Once, Dan would have smiled, but that was before pain had etched his face and cynicism had eroded his soul. "How so?"

"You cared about something enough to walk three miles in the snow."

Dan's dark brown eyebrows lifted. "Have I been that bad?"

"No," his father said slowly. "But you're different. Much less smile. Too much steel. Less laughter. More silence. Too old to be thirty-four."

Dan didn't argue. It was the truth.

"It's more than the injury," John said, waving at his son's right leg, where metal and pain had exploded through flesh. "Muscle and bone heals. Emotions…" He sighed. "Well, they take longer. And sometimes they just don't heal at all."

"You're thinking of Mom and whatever happened with her mother."

John nodded. "She still doesn't talk about it."

"Good for her." I hope.

"You didn't feel that way a few years ago."

"A few years ago I didn't understand about sleeping dogs and land mines. Now I do."

And that's what was bothering Dan. The Senator's sister-in-law Winifred was running around kicking sleeping dogs right and left. Sooner or later she would step on a land mine and wake up something so brutal that his own mother had never once spoken of it, even to the man she loved.

Silently the two men watched the shiny white hearse wait next to the graveyard's wide gate. The couple in the rear seat, Josh Quintrell and his wife Anne, waited for the driver to open their doors. Their son, A.J. V, called Andy, got out and turned his back to the windblown snow. When his parents stepped into the gray daylight, their clothes were as black as the ravens perched on the graveside tarp.

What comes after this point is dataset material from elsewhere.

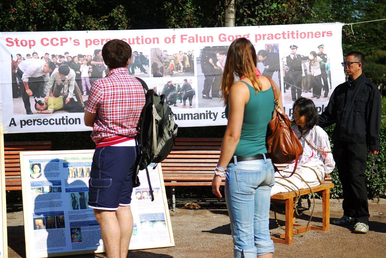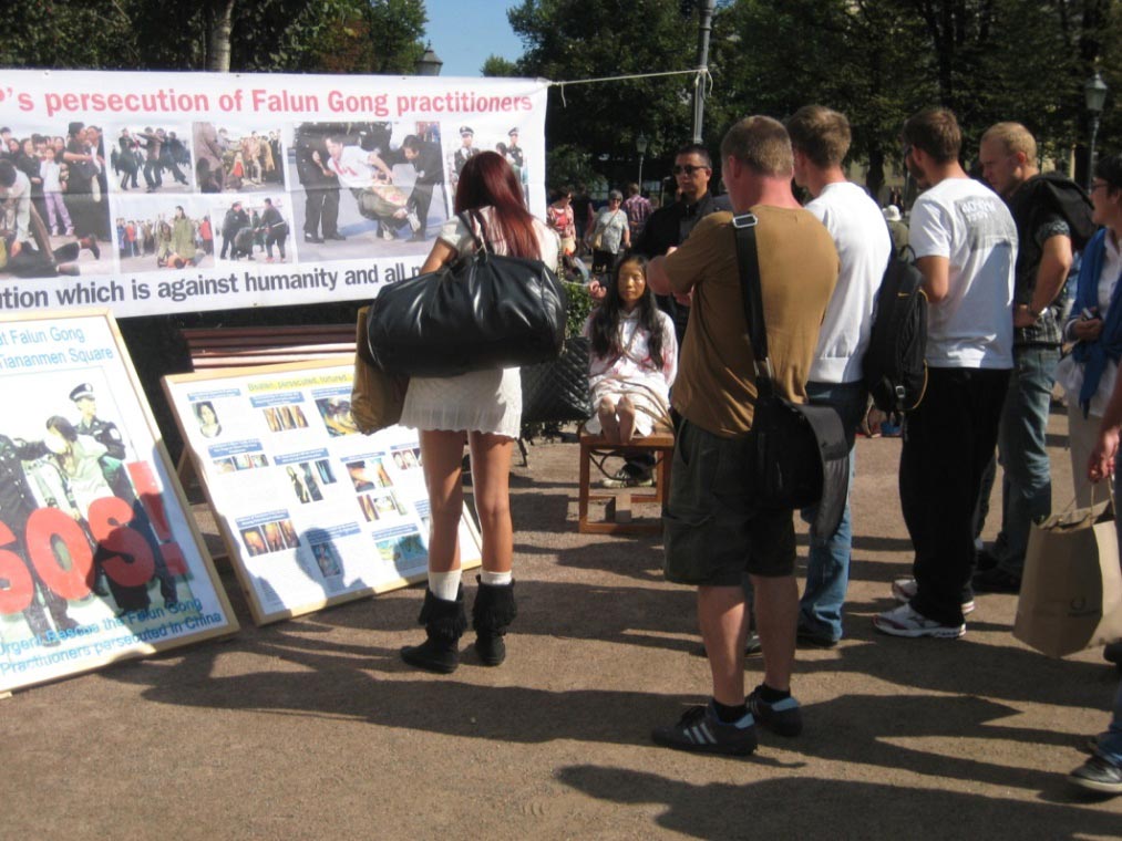 两个中国女孩在观看酷刑模拟演示时,也听取了法轮功学员的解说。刚开始她们并不是那么专注和认真,但随着学员给她们耐心讲了天安门自焚案真相、迫害的残酷,包括中共活摘法轮功学员器官,以及大法洪传世界的盛况等,她们听得越来越认真,也变得更为友好,临走时一再向学员表示感谢。

A second car pulled up close to the hearse. As soon as it stopped, a tall, lanky woman emerged into the bitter wind with just enough hesitation to show her age. The iron gray of her hair beneath a black lace mantilla marked her as Winifred Simmons y Castillo, sister-in-law to the dead Senator, and a woman who in more than seven decades hadn't found a man-or anything else-she couldn't live without.

"Hell on wheels," John said almost admiringly.

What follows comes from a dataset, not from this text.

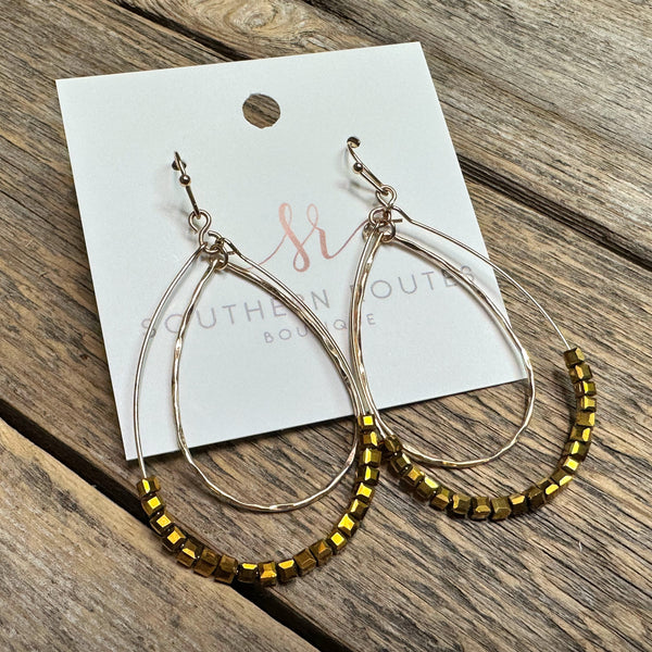Beaded Wire Teardrop Earrings | Gold

"Is that what you call someone who looks for land mines by stomping and kicking everything in sight?"

John shook his head and shut up. He didn't know why Dan was upset by Winifred's quest for her family's past. When he'd asked what the problem was, Dan had shut down, all hard edges and silence. John hadn't asked again. When his son had worked for the federal government, he hadn't talked about his job. After he'd quit a few years ago to work for St. Kilda Consulting, he still didn't talk about his job.

Another figure got out of the car with the lithe energy of youth. Whatever the woman wore was concealed beneath an overcoat that went to her ankles. The loosely tied wool scarf around her head lifted in the wind. She snatched it with gloved hands and knotted it more securely. But for just a moment, rich auburn hair burned in the winter light with the vivid colors of life.

"That her? "John asked.

"The fool who's going to go stomping around in the Quintrell minefield? Yeah, that's her, one Carolina May, Carly to her friends."

"You check her out?"

"What do you think?"

"You did. And?"

"Sweet Carly hasn't a clue."

John grunted. "Too bad."

"Shit happens."

The gate clanged open and the ravens flew into the pale cottonwood branches to wait.